Regan: What need one?

Lear: Oh, reason not the need! Our baset beggars

Are in the poorest thing superfluous.

Allow not nature more than nature needs,

Man’s life is cheap as beast’s.

King Lear, Act 2, Scene 4, William Shakespeare

Why should we read Montaigne? Well, why are you in this class or looking up philosophers? If it is not to find some pleasure in learning about and reading the works of these philosophers or merely to improve yourself, you should probably just drop out of college now or stop the search. Since you’re still reading, I’ll assume you didn’t text your parents and email the registrar you’re leaving. I could argue that Montaigne had an incalculable influence on all kinds of Western thinkers and philosophers that continues today.
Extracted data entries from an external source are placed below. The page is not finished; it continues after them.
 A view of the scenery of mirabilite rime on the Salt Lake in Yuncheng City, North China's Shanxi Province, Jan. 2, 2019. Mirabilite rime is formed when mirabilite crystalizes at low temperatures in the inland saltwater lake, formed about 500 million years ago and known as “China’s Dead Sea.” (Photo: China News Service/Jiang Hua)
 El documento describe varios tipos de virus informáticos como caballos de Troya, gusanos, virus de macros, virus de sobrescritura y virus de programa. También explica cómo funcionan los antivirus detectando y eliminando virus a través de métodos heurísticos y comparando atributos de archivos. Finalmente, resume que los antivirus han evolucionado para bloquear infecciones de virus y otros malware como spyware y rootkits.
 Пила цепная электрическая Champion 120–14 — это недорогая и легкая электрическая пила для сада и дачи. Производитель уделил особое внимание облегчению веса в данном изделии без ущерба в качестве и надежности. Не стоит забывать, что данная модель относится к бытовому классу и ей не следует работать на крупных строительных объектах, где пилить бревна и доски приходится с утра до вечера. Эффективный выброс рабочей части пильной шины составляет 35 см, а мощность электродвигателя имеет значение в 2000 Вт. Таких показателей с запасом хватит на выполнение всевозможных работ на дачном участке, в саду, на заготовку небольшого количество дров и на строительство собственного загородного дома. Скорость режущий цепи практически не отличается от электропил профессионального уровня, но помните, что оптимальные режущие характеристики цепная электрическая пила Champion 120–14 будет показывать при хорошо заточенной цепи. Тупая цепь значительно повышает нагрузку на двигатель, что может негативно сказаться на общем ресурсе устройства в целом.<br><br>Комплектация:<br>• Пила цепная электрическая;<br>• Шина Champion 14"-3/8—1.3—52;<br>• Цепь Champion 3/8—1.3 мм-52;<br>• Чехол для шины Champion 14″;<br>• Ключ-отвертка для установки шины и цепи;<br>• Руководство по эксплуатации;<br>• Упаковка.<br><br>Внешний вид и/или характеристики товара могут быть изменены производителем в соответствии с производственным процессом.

I could say that without Montaigne, Descartes may have never written The Meditations, or it at least would not have appeared in any form that we recognize today; or that one of Shakespeare’s many creations or characters may be missing without him. One could also argue that he was the father of the modern essay, crafting an almost entirely new and unprecedented way of expressing the human condition. All this is fine, but I think we should read him for those reasons I hope you’re in this class and seeking higher education in general—his writing is immensely pleasurable to read; the prose is like nothing else from the Early Modern period or even after; his works has a timeless sensation that almost feels dangerously seductive; and as he would want, it makes us think deeper about who we are and why we actually think and act the way we do. Montaigne’s greatest, and really his only, philosophic, physical, or metaphysical system was his own mind, and by diving into his mind, it becomes a template for journeying into our own. The Essays are, simply. a means of augmenting our lives in a way only deep reading and appreciation of great works can.

Enjoy what you study. Know yourself first and above all other things. Read Montaigne.
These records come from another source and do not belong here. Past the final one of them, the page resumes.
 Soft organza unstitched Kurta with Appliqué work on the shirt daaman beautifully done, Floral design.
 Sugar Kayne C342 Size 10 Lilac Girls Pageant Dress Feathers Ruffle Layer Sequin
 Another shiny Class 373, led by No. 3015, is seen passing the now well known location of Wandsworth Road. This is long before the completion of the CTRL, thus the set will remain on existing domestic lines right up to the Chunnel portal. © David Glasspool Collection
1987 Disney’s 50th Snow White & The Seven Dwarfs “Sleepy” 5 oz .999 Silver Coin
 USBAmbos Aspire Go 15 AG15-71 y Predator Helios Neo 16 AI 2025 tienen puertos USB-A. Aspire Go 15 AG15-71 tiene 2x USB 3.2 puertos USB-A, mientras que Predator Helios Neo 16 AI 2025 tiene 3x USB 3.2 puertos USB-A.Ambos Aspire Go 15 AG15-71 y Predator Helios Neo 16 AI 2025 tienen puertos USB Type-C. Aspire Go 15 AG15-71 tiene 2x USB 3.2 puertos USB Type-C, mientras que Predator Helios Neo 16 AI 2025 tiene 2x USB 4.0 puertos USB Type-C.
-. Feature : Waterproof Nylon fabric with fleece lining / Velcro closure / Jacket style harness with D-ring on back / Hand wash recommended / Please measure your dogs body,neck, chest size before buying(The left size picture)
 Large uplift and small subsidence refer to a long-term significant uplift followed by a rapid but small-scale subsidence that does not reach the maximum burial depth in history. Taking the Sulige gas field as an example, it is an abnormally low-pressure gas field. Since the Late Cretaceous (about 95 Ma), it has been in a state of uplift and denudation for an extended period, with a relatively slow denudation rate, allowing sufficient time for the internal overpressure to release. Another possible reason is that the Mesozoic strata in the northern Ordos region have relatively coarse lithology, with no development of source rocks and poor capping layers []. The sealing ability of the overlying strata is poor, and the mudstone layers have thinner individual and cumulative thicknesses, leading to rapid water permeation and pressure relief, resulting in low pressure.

(Plus, I’ve seen how some philosophers write, and we could all use a lesson from Montaigne).

“Greatness of soul consists not so much in striving upwards and forwards as in knowing how to find one’s place and to draw the line. Whatever is adequate it regards as ample; it shows its sublime quality by preferring the moderate to the outstanding. Nothing is so beautiful, so right, as acting as a man [or any virtuous person] should: nor is any learning so ardous as knowing how to live this life naturally and well. And the most uncouth of our affections is to despise our being.”